Transcribe all of the data exactly. Omit the pictures.

* Data below *
══════
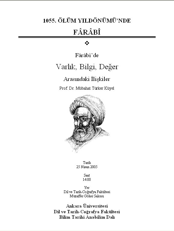 Konferans: Mübahat Türker Küyel, Fârâbî'de Varlık, Bilgi, Değer Arasındaki İlişkiler, 25 Nisan 2005,
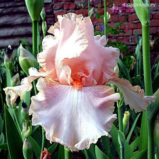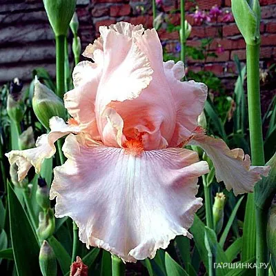Ирис бородатый Пинк Таффете - Цветки однотонные, светло-розовые с красновато-розовыми бородками, доли околоцветника гофрированные. Относится к группе высоких бородатых ирисов. Объёмные цветки в диаметре не менее 15 см, размещаются на плотных высоких стеблях длиной в 70- 80 см. Прикорневая листва собрана в вееровидный пучок, светло-зелёная из-за плотного воскового налёта. Цветение наступает уже в начале июня и длится несколько недель. Зимостойкость: высокая
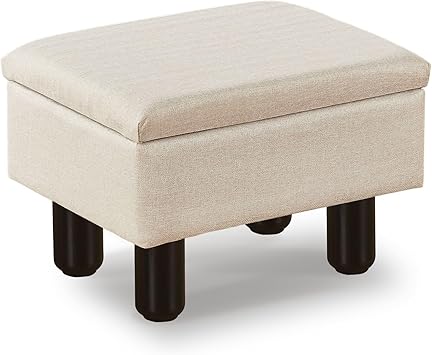 Mxfurhawa Ottoman Foot Stool with Storage Modern Small Foot Rest Step Stool Linen Rectangular Footstool Ottomans with Solid Wood Legs Under Desk for Makeup Room Living Room Bedroom (Beige)
══════
* Written solution *
 Konferans: Mübahat Türker Küyel, Fârâbî'de Varlık, Bilgi, Değer Arasındaki İlişkiler, 25 Nisan 2005,
Ирис бородатый Пинк Таффете - Цветки однотонные, светло-розовые с красновато-розовыми бородками, доли околоцветника гофрированные. Относится к группе высоких бородатых ирисов. Объёмные цветки в диаметре не менее 15 см, размещаются на плотных высоких стеблях длиной в 70- 80 см. Прикорневая листва собрана в вееровидный пучок, светло-зелёная из-за плотного воскового налёта. Цветение наступает уже в начале июня и длится несколько недель. Зимостойкость: высокая
 Mxfurhawa Ottoman Foot Stool with Storage Modern Small Foot Rest Step Stool Linen Rectangular Footstool Ottomans with Solid Wood Legs Under Desk for Makeup Room Living Room Bedroom (Beige)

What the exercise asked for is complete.